City once flirted with the idea of a suspended tramway in downtown core
A recent news report highlighting a long-term plan by the City of Laval to create a surface tramway along Saint-Martin Blvd. recalled that a former city administration once entertained the idea of an elevated tramway being built along a different route, also in Laval’s downtown core.
Street-level tram
The report on Montreal’s La Presse news site (and republished by the Toronto-based news service Torstar) noted that although Laval has begun to extensively consult its residents on the future of the downtown area, very little has been said until now about the surface tramway project.
According to La Presse, the plan, if adopted by city council in a few months, would lead to in-depth studies in the next five years. Technical and financial feasibility analyses would be held over a five to 10-year span.
Preliminary work on the project suggests the tramway would allow passengers to board trams at the corner of Chomedey Blvd. on the western fringe of Laval’s emerging downtown sector and travel three kilometres to Laval Blvd., the eastern edge.
Part of PPU plan
The surface tramway plan is described in the special planning program (PPU) now underway for the downtown. Initial designs show the tramway line at the centre of Saint-Martin Blvd., with other lanes set up for automobiles and bicycles.

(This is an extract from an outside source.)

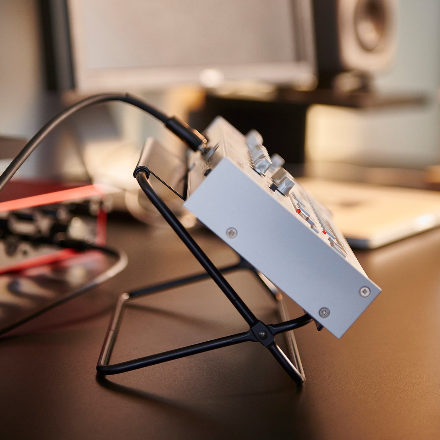 The stand is a bit more upright than some other stands. It also holds my Syntakt a little bit raised up. The angle and height work well for me compared to other cheap~ish stands.
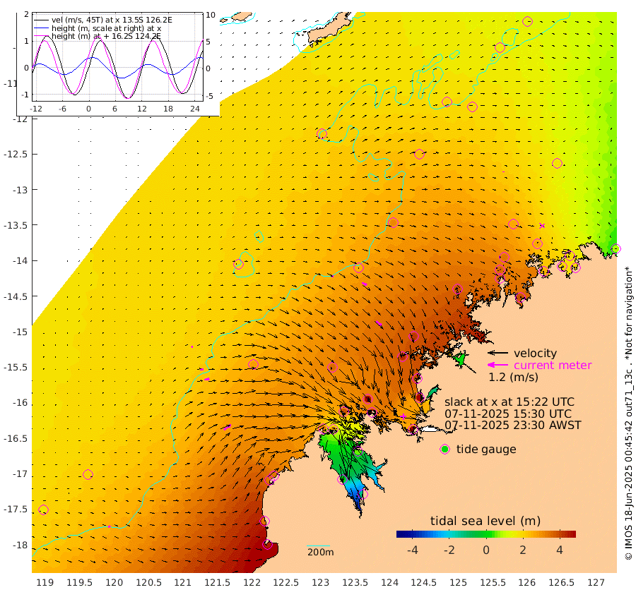 10cm/s 15T +10cm/s rms + 1cm/s 1T. NWSBRW 205m 14cm/s 65T +11cm/s rms + 6cm/s -110T. NWSROW 199m 43cm/s 131T +5cm/s rms + 2cm/s 65T. CAM050 58m 30cm/s 112T +12cm/s rms + 5cm/s 92T. CAM100 99m 10cm/s 71T +7cm/s rms + 1cm/s -85T. KIM400 396m 19cm/s 85T +9cm/s rms + 5cm/s -119T. KIM200 208m 31cm/s 80T +11cm/s rms + 5cm/s -147T. KIM100 99m 52cm/s 53T +8cm/s rms + 3cm/s -103T. KIM050 59m 1cm/s 10T +4cm/s rms + 2cm/s 23T. TIMORS88 91m 154cm Imperieuse Reef 204cm Mermaid Reef 450cm Broome 337cm Cape Baskerville 340cm Red Bluff 338cm Cape Boileau 193cm Scott Reef (WA) 217cm Ashmore Reef 317cm Karrakatta Bay 275cm Sunday Island 1cm Valentine Island -135cm Derby 50cm Port Usborne 387cm Bedford Islands 457cm Yampi Sound (Koolan Island) 491cm Macleay Island 357cm Adele Island 242cm Browse Island 495cm Shale Island 507cm Lizard Island 403cm Hall Point 432cm Degerando Island 419cm White Island 233cm Skua No. 4 Well 191cm Jabiru 383cm Maret Island 346cm Baudin Island 360cm Cape Voltaire (Krait Bay) 163cm Dillon Shoal 147cm Laminaria 388cm Port Warrender 270cm Troughton Island 342cm Cassini Island 260cm West Holothuria Reef Offshore 253cm Jar Island 274cm Lynher Bank 311cm Heywood Shoal 204cm Pee Shoal 168cm Van Cloon Shoal 194cm Carronade Island 199cm Guy Point 202cm Napier Broome Bay 87cm Lesueur Island

If the project is taken seriously, it would not the first time Laval has flirted with trams – albeit trams of a different type. Following the opening of Laval’s three Metro stations in 2007, former mayor Gilles Vaillancourt came up with the idea in 2011 of an elevated tramway to reduce road congestion and encourage public transit.
Elevated plan abandoned
At that time, city officials suggested the elevated line would start at Montmorency station and end at Carrefour Laval. Although a feasibility study was commissioned, the project was abandoned when Place Bell was built and the Société de transport de Laval revised its plans. As well, Vaillancourt resigned from office in 2012, probably also contributing to the project being abandoned.
According to the Laval News’s coverage of the elevated tramway’s announcement a decade ago, the Agence métropolitaine de transport (a forerunner to the Réseau de transport métropolitain) and Hydro Quebec also supported the project. A number of major cities in the world – including New York, Portland, Lisbon, Singapore and Rio de Janeiro – all operated cable car systems similar to the one Laval wanted to implement at the time.
Elevated pros and cons
While aerial tramways have certain distinct advantages (they are quiet, operate constantly, are inexpensive to build and don’t need drivers in the individual cable cabins), according to an information handout issued by the STL back then, they also have disadvantages.
Among those, the towers and cables for aerial tramways can be intrusive in neighbourhoods, they are sometimes costly for cities to insure, some transit users shun the cable car cabins because of fear of closed spaces, and they are slower on average than buses for transporting passengers.